* [WHAT NEEDS TO BE DONE]:
Please print the entries exactly, omitting each image.
** Opening PROVIDED DATA block **
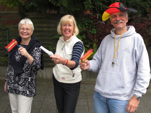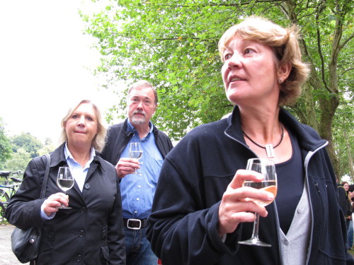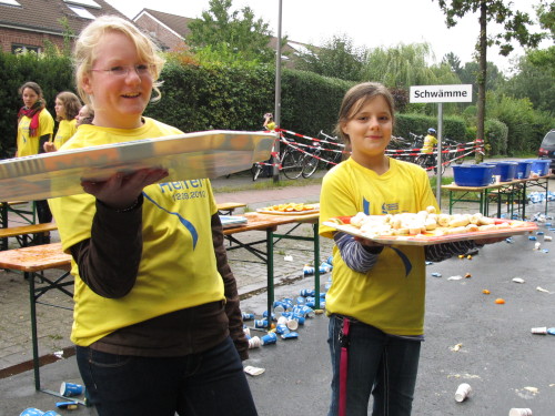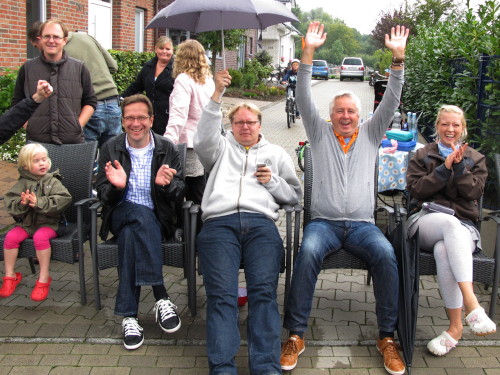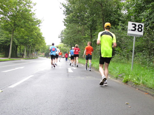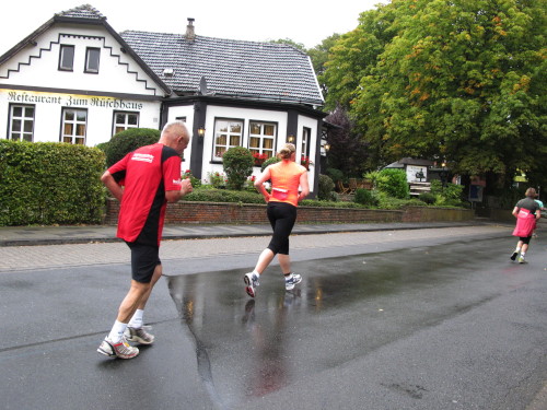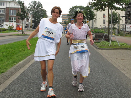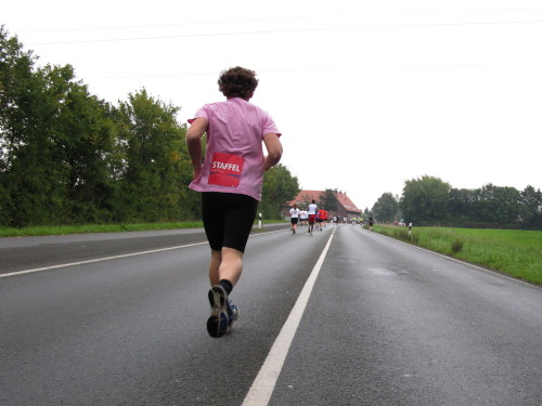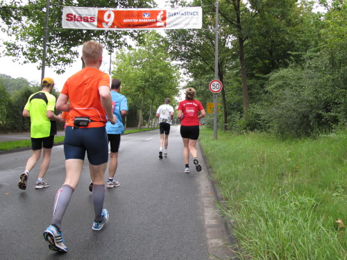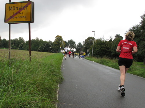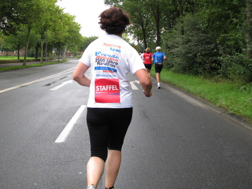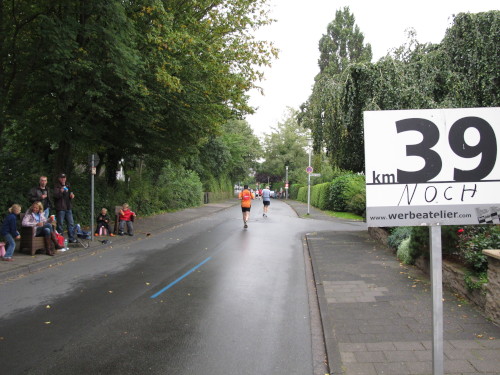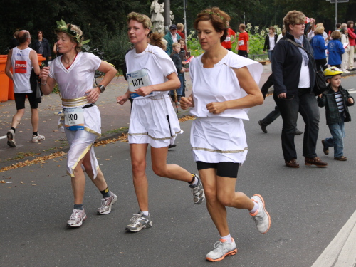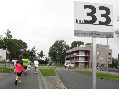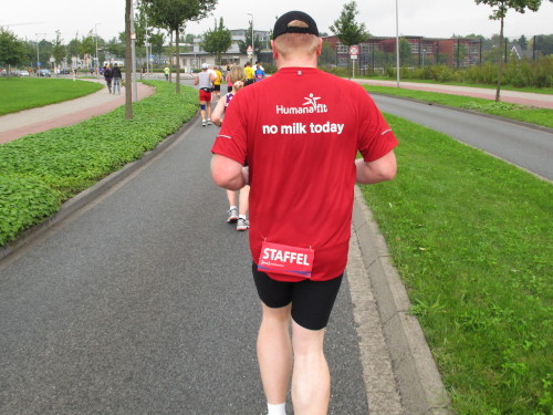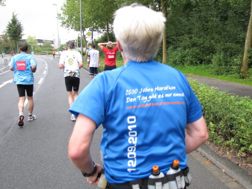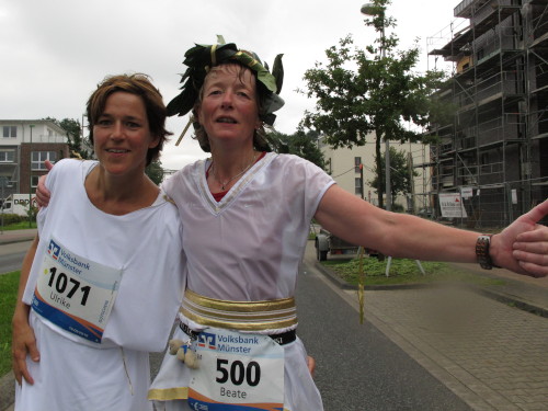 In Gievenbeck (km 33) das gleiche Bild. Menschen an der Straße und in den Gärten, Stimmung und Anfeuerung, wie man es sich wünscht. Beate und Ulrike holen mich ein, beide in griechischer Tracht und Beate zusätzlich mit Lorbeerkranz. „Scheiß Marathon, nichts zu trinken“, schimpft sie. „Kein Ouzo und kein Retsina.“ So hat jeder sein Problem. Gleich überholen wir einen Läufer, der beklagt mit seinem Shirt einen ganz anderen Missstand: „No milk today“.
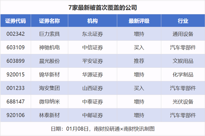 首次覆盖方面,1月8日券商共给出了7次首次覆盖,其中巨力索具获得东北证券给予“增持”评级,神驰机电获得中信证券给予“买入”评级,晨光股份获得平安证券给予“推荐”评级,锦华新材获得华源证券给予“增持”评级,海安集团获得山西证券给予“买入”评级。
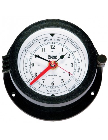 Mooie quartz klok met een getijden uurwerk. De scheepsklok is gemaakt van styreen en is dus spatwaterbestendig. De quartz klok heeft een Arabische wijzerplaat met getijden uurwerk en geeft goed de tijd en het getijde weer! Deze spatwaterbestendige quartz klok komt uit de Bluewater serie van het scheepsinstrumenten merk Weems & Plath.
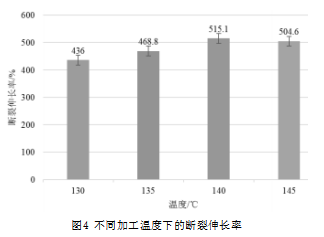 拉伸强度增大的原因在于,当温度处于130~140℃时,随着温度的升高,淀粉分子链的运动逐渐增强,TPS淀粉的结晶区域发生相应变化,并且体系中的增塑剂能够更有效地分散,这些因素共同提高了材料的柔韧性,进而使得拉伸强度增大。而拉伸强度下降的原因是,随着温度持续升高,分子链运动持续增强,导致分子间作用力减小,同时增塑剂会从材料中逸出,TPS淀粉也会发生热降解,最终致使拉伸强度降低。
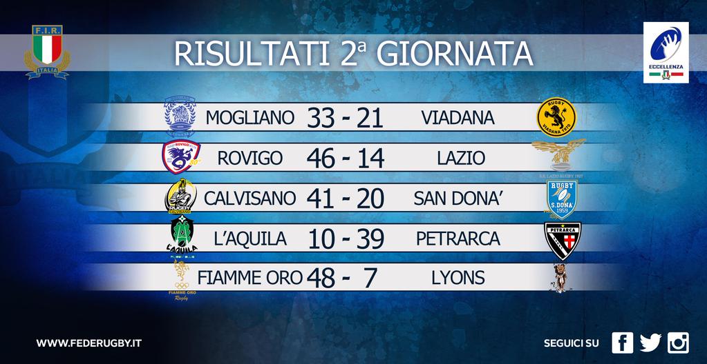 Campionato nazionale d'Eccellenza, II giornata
** Closing PROVIDED DATA block **
* [TASK ANSWER]:
 In Gievenbeck (km 33) das gleiche Bild. Menschen an der Straße und in den Gärten, Stimmung und Anfeuerung, wie man es sich wünscht. Beate und Ulrike holen mich ein, beide in griechischer Tracht und Beate zusätzlich mit Lorbeerkranz. „Scheiß Marathon, nichts zu trinken“, schimpft sie. „Kein Ouzo und kein Retsina.“ So hat jeder sein Problem. Gleich überholen wir einen Läufer, der beklagt mit seinem Shirt einen ganz anderen Missstand: „No milk today“.
 首次覆盖方面,1月8日券商共给出了7次首次覆盖,其中巨力索具获得东北证券给予“增持”评级,神驰机电获得中信证券给予“买入”评级,晨光股份获得平安证券给予“推荐”评级,锦华新材获得华源证券给予“增持”评级,海安集团获得山西证券给予“买入”评级。
 Mooie quartz klok met een getijden uurwerk. De scheepsklok is gemaakt van styreen en is dus spatwaterbestendig. De quartz klok heeft een Arabische wijzerplaat met getijden uurwerk en geeft goed de tijd en het getijde weer! Deze spatwaterbestendige quartz klok komt uit de Bluewater serie van het scheepsinstrumenten merk Weems & Plath.
 拉伸强度增大的原因在于,当温度处于130~140℃时,随着温度的升高,淀粉分子链的运动逐渐增强,TPS淀粉的结晶区域发生相应变化,并且体系中的增塑剂能够更有效地分散,这些因素共同提高了材料的柔韧性,进而使得拉伸强度增大。而拉伸强度下降的原因是,随着温度持续升高,分子链运动持续增强,导致分子间作用力减小,同时增塑剂会从材料中逸出,TPS淀粉也会发生热降解,最终致使拉伸强度降低。
 Campionato nazionale d'Eccellenza, II giornata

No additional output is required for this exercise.